DATA BLOCK

☆ ☆ ☆ ☆ ☆ ☆ ☆

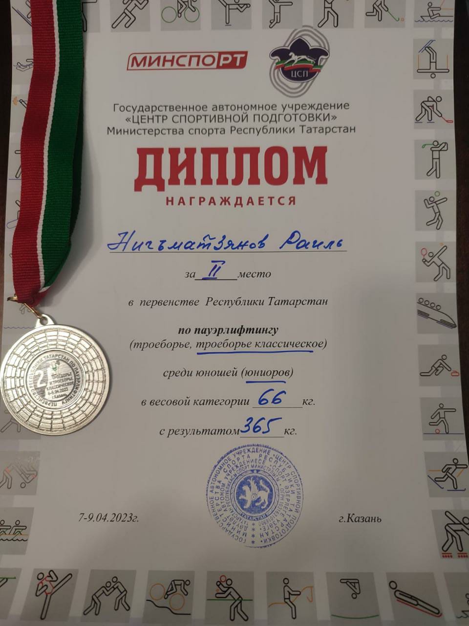 С 7 по 9 апреля в городе Казань прошло Первенство Республики Татарстан по пауэрлифтингу среди юниоров (классическое троеборье).
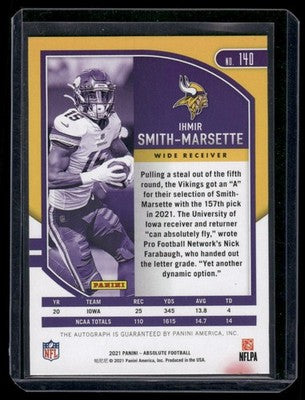 2021 Panini Absolute Football Ihmir Smith-Marsette #140 Red RC 029/100 Football
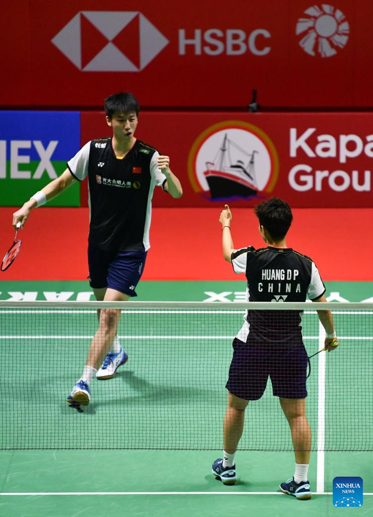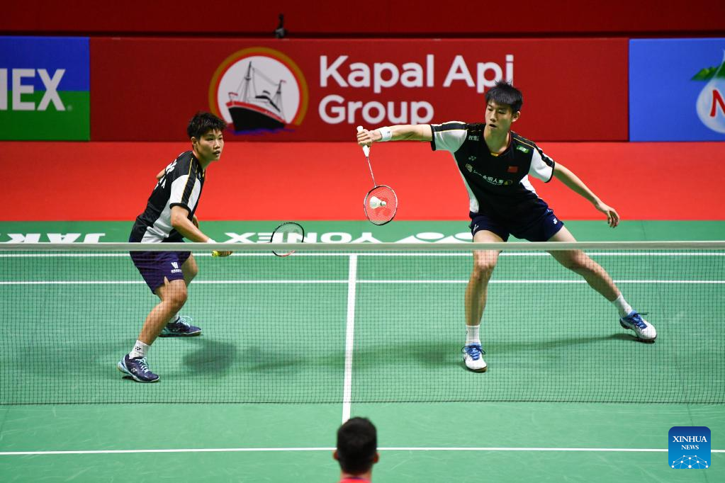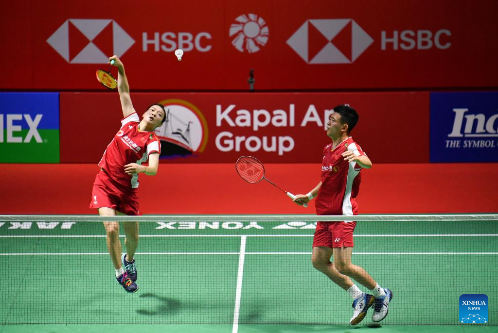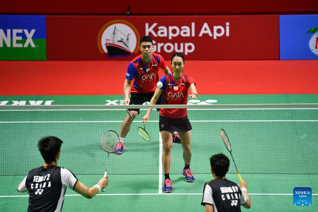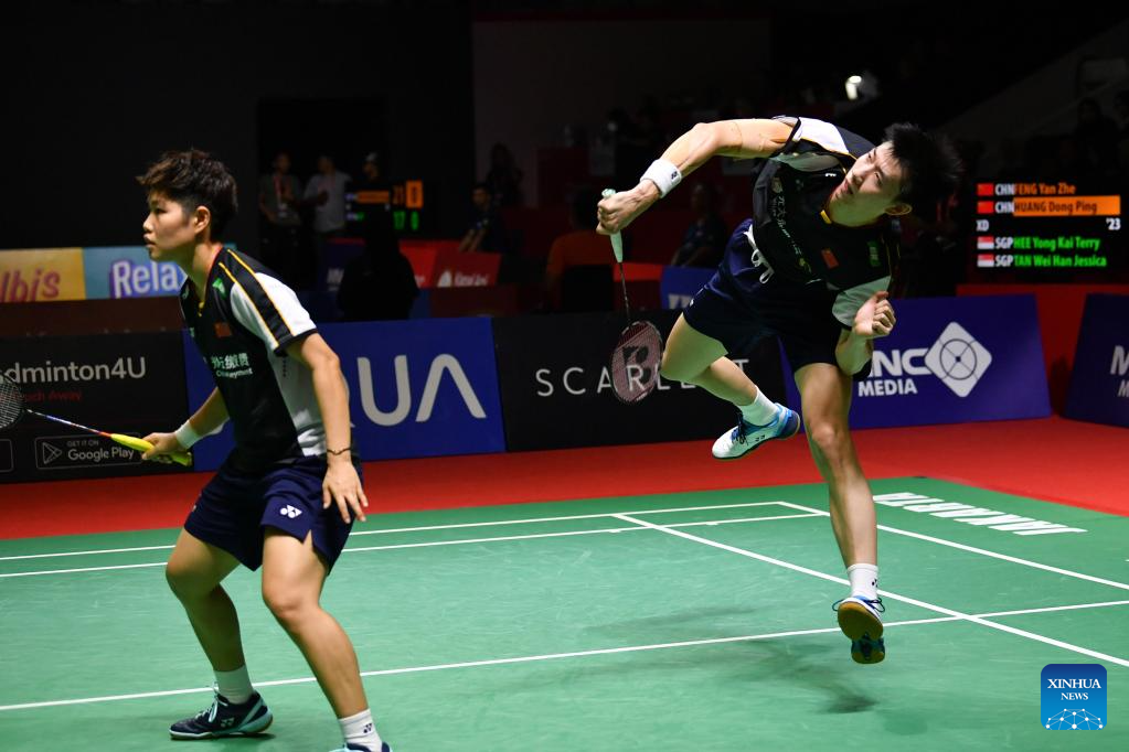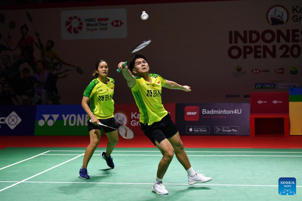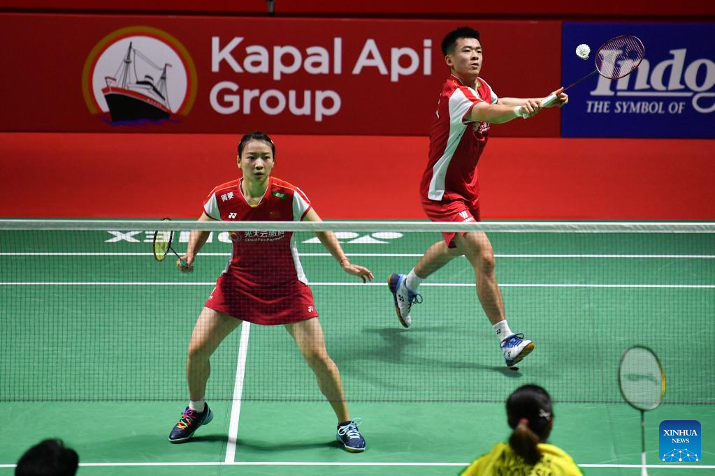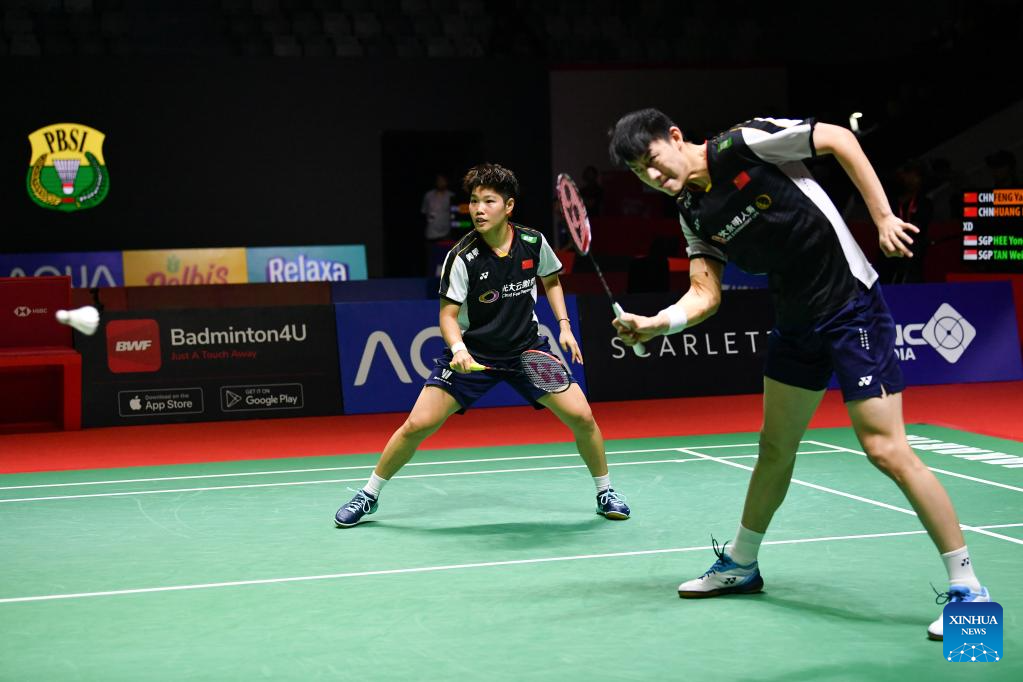 China's Feng Yanzhe(L)/Huang Dongping compete during the mixed doubles first round match against Singapore's Hee Yong Kai Terry/Tan Wei Han Jessica at Indonesia Open 2023 in Jakarta, Indonesia, June 13, 2023. (Xinhua/Xu Qin)
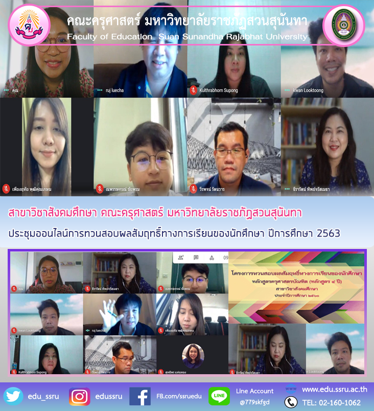 วันที่ 11 พฤษภาคม 2564 สาขาวิชาสังคมศึกษา คณะครุศาสตร์ มหาวิทยาลัยราชภัฏสวนสุนันทา ประชุมออนไลน์การทวนสอบผลสัมฤทธิ์ทางการเรียนของนักศึกษา ปีการศึกษา 2563

☆ ☆ ☆ ☆ ☆ ☆ ☆

AIM OF THE TASK
Return all of the lines above without alteration, minus the pictures.

ANSWER
 С 7 по 9 апреля в городе Казань прошло Первенство Республики Татарстан по пауэрлифтингу среди юниоров (классическое троеборье).
 2021 Panini Absolute Football Ihmir Smith-Marsette #140 Red RC 029/100 Football
 China's Feng Yanzhe(L)/Huang Dongping compete during the mixed doubles first round match against Singapore's Hee Yong Kai Terry/Tan Wei Han Jessica at Indonesia Open 2023 in Jakarta, Indonesia, June 13, 2023. (Xinhua/Xu Qin)
 วันที่ 11 พฤษภาคม 2564 สาขาวิชาสังคมศึกษา คณะครุศาสตร์ มหาวิทยาลัยราชภัฏสวนสุนันทา ประชุมออนไลน์การทวนสอบผลสัมฤทธิ์ทางการเรียนของนักศึกษา ปีการศึกษา 2563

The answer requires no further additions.